*** Opening of SUPPLIED DATA ***

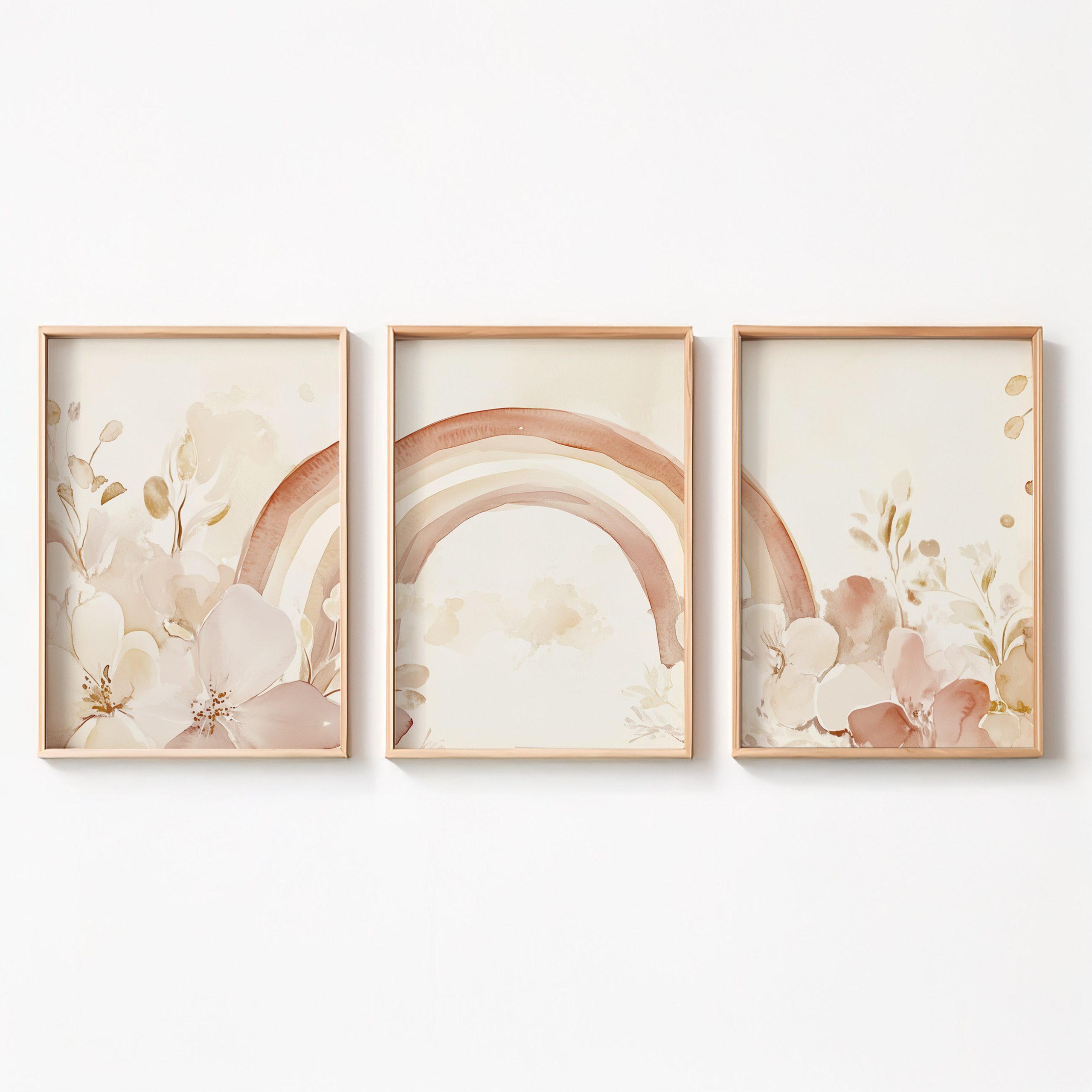 Magische Regenboog en Bloemen in Pastel Watercolor Stijl
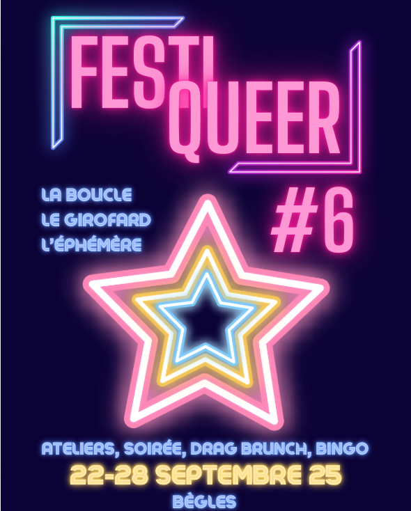 Pour finir le mois, le Festiqueer, qui a eu lieu à la Boucle à Bègles, a rassemblé la communauté autour d’une semaine d’événements festifs et engagés. Drag brunch, scène ouverte, spectacles, ateliers, tatouage, DJ sets et bien plus encore ont rythmé ces journées placées sous le signe de la fête, de la diversité et de la visibilité queer.
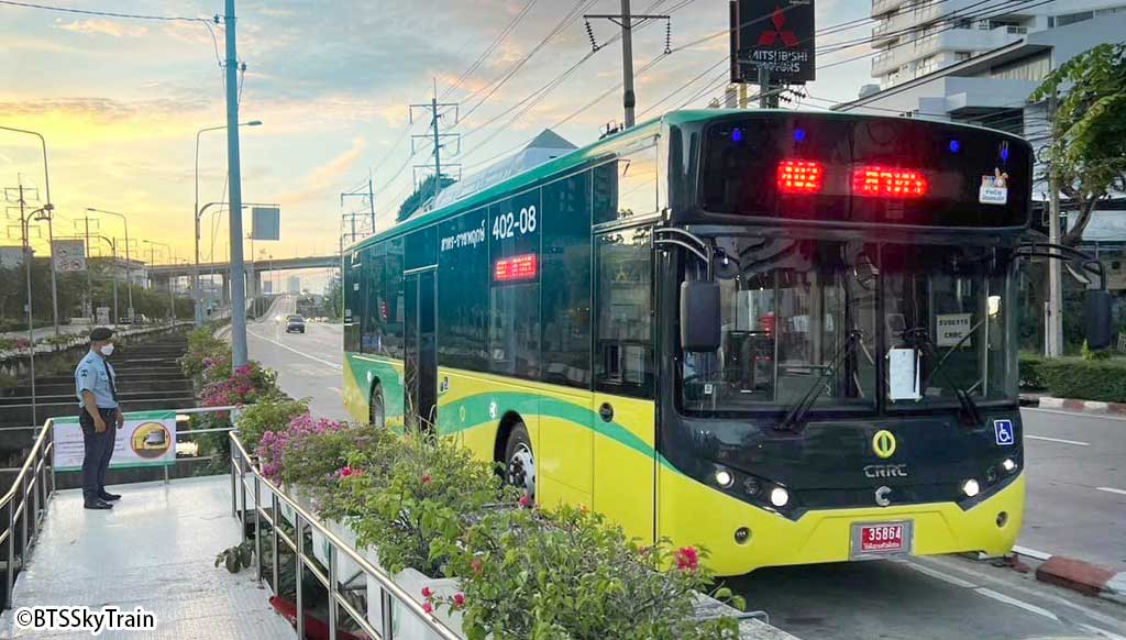 BRTはバンコク都庁が運営し、BTSチョンノンシー(サトーン)駅とBTSタラートプルー(ラチャプルック)駅を繋ぐ全14駅の路線バス。ラビットカードおよび公式LINE「BRT E-Ticket」で支払いが可能。
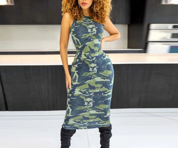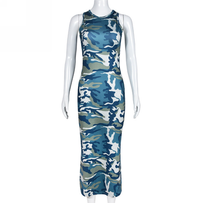 (Real Image)2023 Styles Women Sexy&Fashion Spring&Summer TikTok&Instagram Styles Camouflage Strap Maxi DressSKU: #CF59471-1

*** Close of SUPPLIED DATA ***

The material above must be reproduced line for line, with the images omitted.

- [WRITTEN ANSWER]:
 Magische Regenboog en Bloemen in Pastel Watercolor Stijl
 Pour finir le mois, le Festiqueer, qui a eu lieu à la Boucle à Bègles, a rassemblé la communauté autour d’une semaine d’événements festifs et engagés. Drag brunch, scène ouverte, spectacles, ateliers, tatouage, DJ sets et bien plus encore ont rythmé ces journées placées sous le signe de la fête, de la diversité et de la visibilité queer.
 BRTはバンコク都庁が運営し、BTSチョンノンシー(サトーン)駅とBTSタラートプルー(ラチャプルック)駅を繋ぐ全14駅の路線バス。ラビットカードおよび公式LINE「BRT E-Ticket」で支払いが可能。
 (Real Image)2023 Styles Women Sexy&Fashion Spring&Summer TikTok&Instagram Styles Camouflage Strap Maxi DressSKU: #CF59471-1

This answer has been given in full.